Thursday, August 14, 2014

Understanding in the Social Studies Classroom

Over the past few months, for the first time, I read Grant Wiggins' book Understanding by Design.

Reading about understanding, obviously, is quite different than writing about it. What does it mean to teach for understanding in the social studies classroom?

I start with an assumption that social studies and history are two different entities, a point I've blogged about. One of the implications of this difference, I think, is that we must always go out of our way to keep an eye on the present day when teaching.

We are not teaching the past for the sake of teaching the past. In fact, I am not even sure we are teaching the past. What, then, are we doing?

My position is that we are using events from the present and past to help students think more deeply about society and the human condition.
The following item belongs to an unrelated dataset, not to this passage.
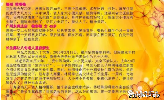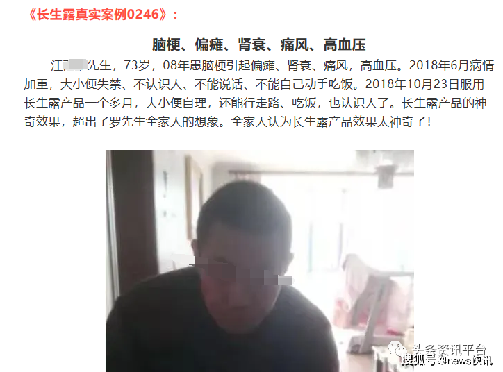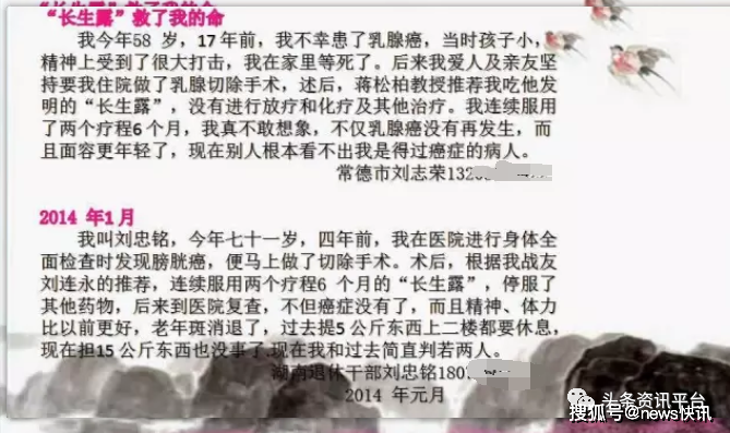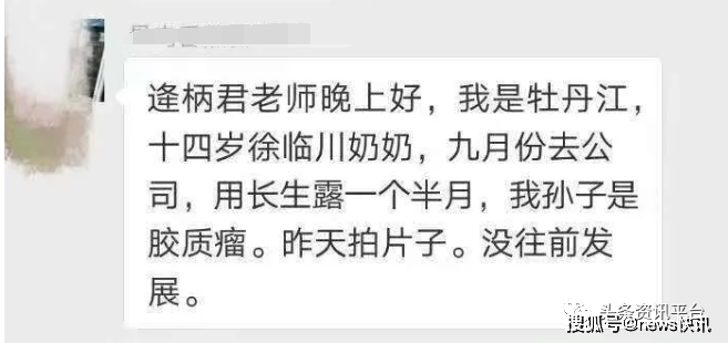 即便如此,但在互联网上还有一些患者服用该产品后痊愈的案例,被公众号“长生露2020”、“燕子长生露”以及其他各种宣传平台或个人用以大肆宣传,在这些长生露推广人员的介绍下,这款产品似乎真的具有了包治百病的功效,比如胶质瘤,子宫肌瘤和卵巢囊肿,食道癌,慢性胃炎,乳腺癌,糖尿病,膀胱癌,偏瘫,肾衰,高血压等病症,似乎都不在它的话下。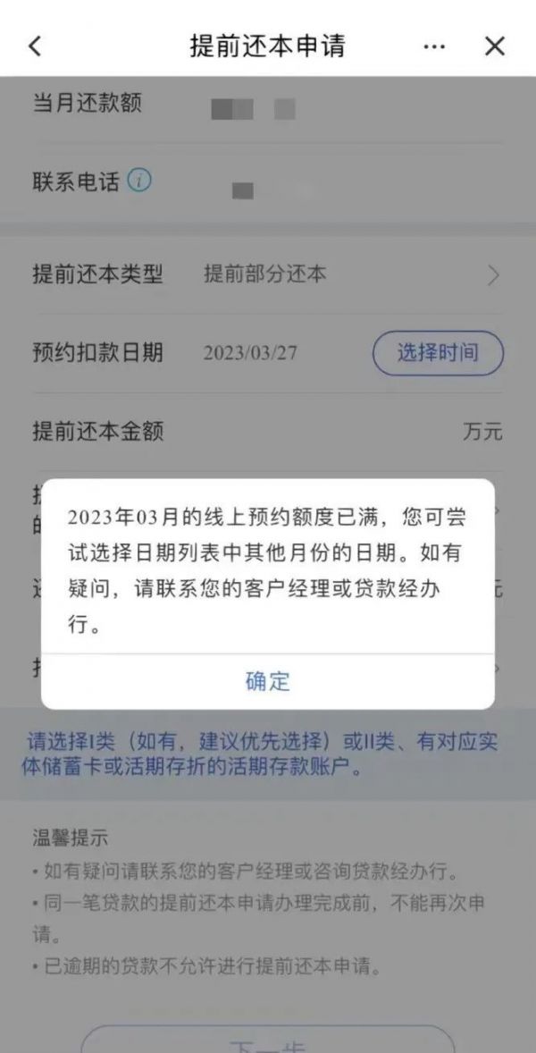 王女士对记者表示,她于近日在某国有大行手机APP上申请提前还贷,提交申请后,下午收到银行短信称提前还款申请已审批通过,但还款的日期已排到了4月份。王女士向记者无奈地摊了摊手,“没想到,现在怎么这么多人排队还贷。”

As we pursue this goal, the past will occupy much of our time. After all, what alternative do we have? A course focused solely on the day to day news would quite quickly suffer from a lack of context and depth.

We need to start with some big questions: What does it mean to understand society more deeply? How does history help us do this? What does it mean to understand an event? or a person?

Many of us and the curriculum docs that underpin our courses assert that understanding is a major goal. Are we serious when we say this? If we are, we need to consider carefully what we mean and how we can assess whether we are achieving our stated goal.

Social studies teachers will often say they teach topics, such as the French Rev, WWI, or the Cold war. Whether intentional or not, when used in this context, these topics are discussed as if they exist as tangible objects or processes, as if they can be taught the same way you might tell a person about the plot of a tv show or book or how you might show a person how to change a tire or patch drywall.

When a teacher says he teaches World War I, what does that even mean?

We do not teach topics. We teach ideas.

Ok, we teach ideas...

Isn't that just another way of saying we teach facts, true information about past people and events? If that's all we do, can't a book do that much better, or at least similarly well? What do you, the teacher do, that a book cannot?